Quando houve o surto do vírus H1N1, o Brasil conseguiu responder rapidamente. O senhor acha que o país está bem preparado para enfrentar epidemias?
Uma epidemia nada mais é do que uma guerra e para enfrentá-la precisamos de um bom exército, boas armas e fundamentalmente uma boa inteligência para articular estratégias. Muito já se avançou, mas o Brasil ainda precisa investir nessas ferramentas que capacitarão nossos profissionais a enfrentar, de forma rápida e efetiva, essas ameaças. Os investimentos devem contemplar não apenas as ferramentas mas também a formação dos profissionais da saúde, pesquisadores e administradores para que se tenha uma equipe integrada, preparada e capacitada para grandes desafios. Certamente, com esses investimentos, o Brasil estará muito bem preparado para qualquer batalha.

A história da humanidade é marcada por períodos de epidemias devastadoras. O senhor acredita que um dia será possível se livrar dessas?

A velocidade e facilidade de deslocamento no mundo hoje permite, por exemplo, que uma pessoa pegue um avião no Brasil e em menos de 24 horas esteja do outro lado do mundo, ou ainda que em menos de quarenta e oito horas estejamos consumindo no Brasil uma hortaliça produzida por um agricultor no interior da Europa. Isso sem dúvida é fantástico, porém, gera um alerta, pois, com essa rapidez, aumenta também a velocidade de propagação de doenças. Os micro-organismos estão evoluindo conosco há milhares de anos, desenvolvendo mecanismos de sobrevivência e nós, mecanismos de defesa, no entanto algumas vezes essa relação se desequilibra. Acredito que epidemias devastadoras possam diminuir e até mesmo serem controladas mais rapidamente devido a essa velocidade de comunicação.

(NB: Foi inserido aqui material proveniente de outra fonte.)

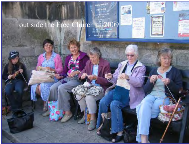
out side the Free Church in 2009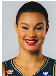
Satou Sabally #0 (SAH-too SAHbuh-lee)

Qual o papel da prevenção nas epidemias? O Brasil consegue
fazer bem esse trabalho?

A prevenção é sempre a melhor estratégia e deve ser prioridade em qualquer gestão de saúde pública. O governo brasileiro tem desenvolvido um bom trabalho na prevenção de algumas doenças, com importantes campanhas de vacinação e ações de divulgação, mas muito ainda precisa ser feito e não apenas por parte do governo, mas principalmente por parte da população. Por exemplo, basta vermos que por mais propagandas e ações que sejam tomadas, a dengue está aí todos os anos matando e adoecendo a população. O Brasil está num ótimo caminho mas precisa investir muito ainda em saúde, tecnologia e principalmente, educação.